THE DATA —
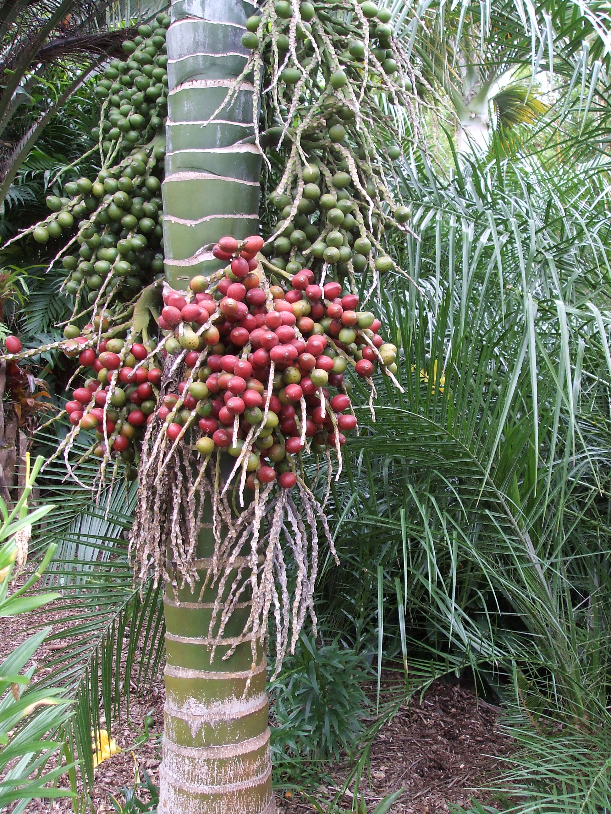 Fruits of Hedyscepe canterburyana, a palm endemic to Lord Howe Island, Australia. Specimen in cultivation at South Pacific Palms, Kerikeri, New Zealand. The fruits take four years to ripen, and it is difficult to tell when they are ripe. The egg-shaped fruit are deep red when ripe, and about 4 cm long. They appear in densely bunched fruiting spikes from below the crownshaft. Each fruit contains a single seed.
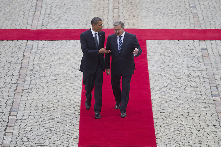 President of the United States Barack Obama and President of the Republic of Poland Bronisław Komorowski
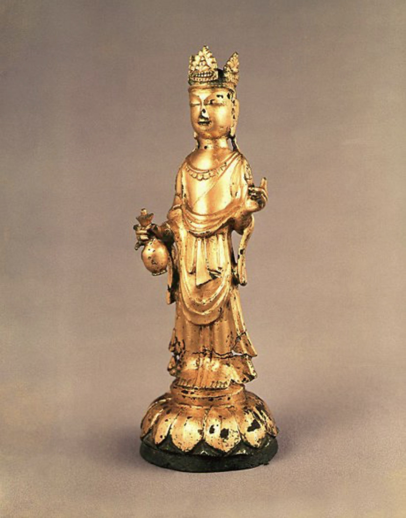 Gwanseeum-bosal statue, Silla, N.127, National Museum of Korea
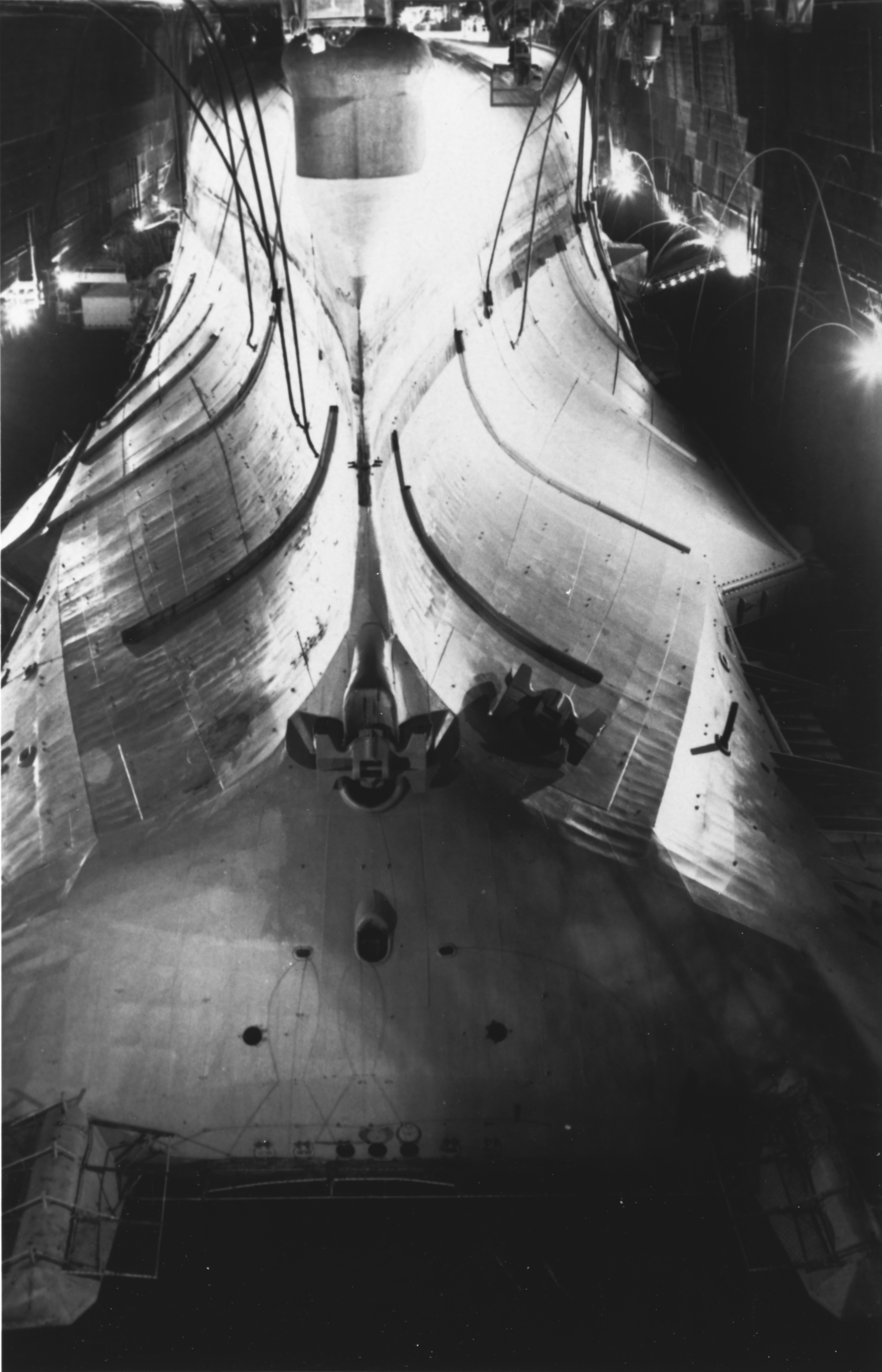 The U.S. Navy aircraft carrier USS Intrepid (CVS-11) in drydock at the Boston Naval Shipyard, Massachusetts (USA), during the early 1970s. Note the AN/SQS-23 sonar dome on forefoot.

WHAT YOU SHOULD DO — Print only the lines running from the one containing "Gwanseeum-bosal statue, Silla, N.127, National" to the end of the data above, exactly; include no pictures.

REPLY —
 Gwanseeum-bosal statue, Silla, N.127, National Museum of Korea
 The U.S. Navy aircraft carrier USS Intrepid (CVS-11) in drydock at the Boston Naval Shipyard, Massachusetts (USA), during the early 1970s. Note the AN/SQS-23 sonar dome on forefoot.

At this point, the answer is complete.